Figuur 1 Trendmatig begrotingsbeleid en automatische stabilisatie

Bron: ministerie van Financiën
Het kabinet hecht aan de Europese referentiewaarden voor het tekort (3% bbp) en de schuld (60% bbp). Deze referentiewaarden vormen de grenzen van wat volgens het Europese begrotingsraamwerk is toegestaan. Door te voldoen aan deze referentiewaarden is Nederland in staat om trendmatig begrotingsbeleid te voeren zonder dat de Raad van de Europese Unie, op aanbeveling van de Europese Commissie, handhavingsmaatregelen kan opleggen. Dat voorkomt dat ad-hocingrepen nodig zijn om binnen de referentiewaarden te blijven, waarmee het mogelijk blijft om bij besluitvorming te focussen op de lange termijn. In de Wet houdbare overheidsfinanciën (Wet Hof) is dan ook expliciet vastgelegd dat het trendmatig begrotingsbeleid wordt gevoerd met inachtneming van de Europese referentiewaarden. Gedurende de meerjarenperiode (ramingsperiode in deze Miljoenennota) blijven het saldo en de schuld naar verwachting binnen de referentiewaarden.

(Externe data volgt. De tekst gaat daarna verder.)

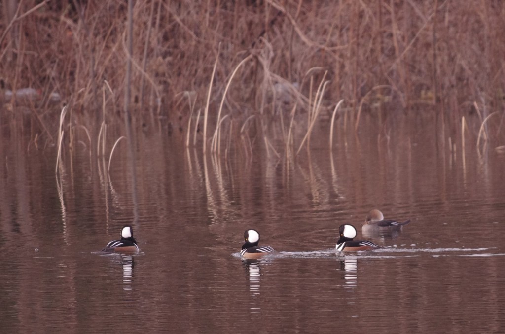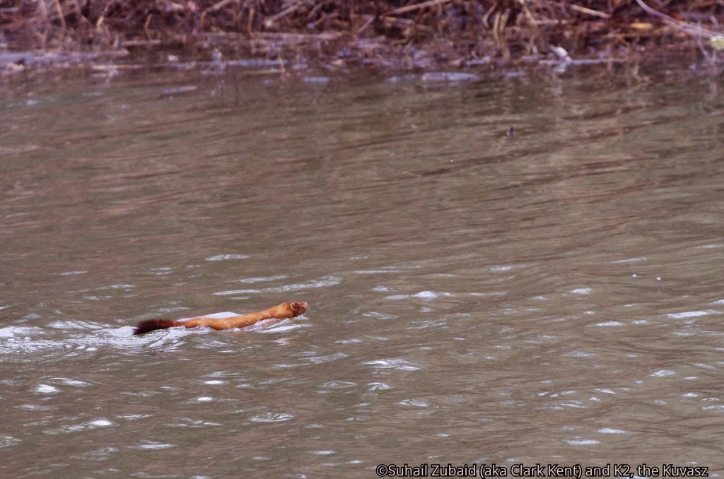 I walked past the flood control pond. There was a raft of four mallards foraging. I stopped to observe how they were diving to get to the vegetation. All of a sudden, I saw a brown, furry animal swimming through the raft. All the 4 mallards converged to see what was swimming through them. I took out my camera, but it was close to dusk. I could not get a shot. But I trained my eyes on the movement of the animal. It came out of water on the other side.

Een trefzekere raming van het EMU-saldo is dus een belangrijke basis voor het vaststellen van de kaders. De afgelopen jaren waren er grote verschillen tussen de verwachte en gerealiseerde EMU-saldi. De Expertgroep realistisch ramen (hierna: de Expertgroep) heeft onderzocht wat de oorzaken hiervan waren.1 Het kabinet neemt alle aanbevelingen over en voert momenteel verbeteringen door (zie hoofdstuk 2).2 Desondanks zullen er altijd ramingsafwijkingen blijven bestaan, zo stelt de Expertgroep ook. Daarnaast kan het meevallende beeld van de afgelopen jaren ook omslaan, zeker gezien de grote internationale onzekerheid.
De huidige geopolitieke context en economische onzekerheid onderstrepen het belang van vasthouden aan trendmatig begrotingsbeleid. De voortdurende Russische agressieoorlog tegen Oekraïne, verschuivende geopolitieke verhoudingen en wereldwijde handelsspanningen brengen risico’s voor de Nederlandse economie met zich mee. Mochten deze risico’s zich materialiseren, dan dempen de automatische stabilisatoren in de begroting de negatieve effecten voor burgers en bedrijven. Dit onderstreept het belang van buffers en het vasthouden aan de budgettaire kaders.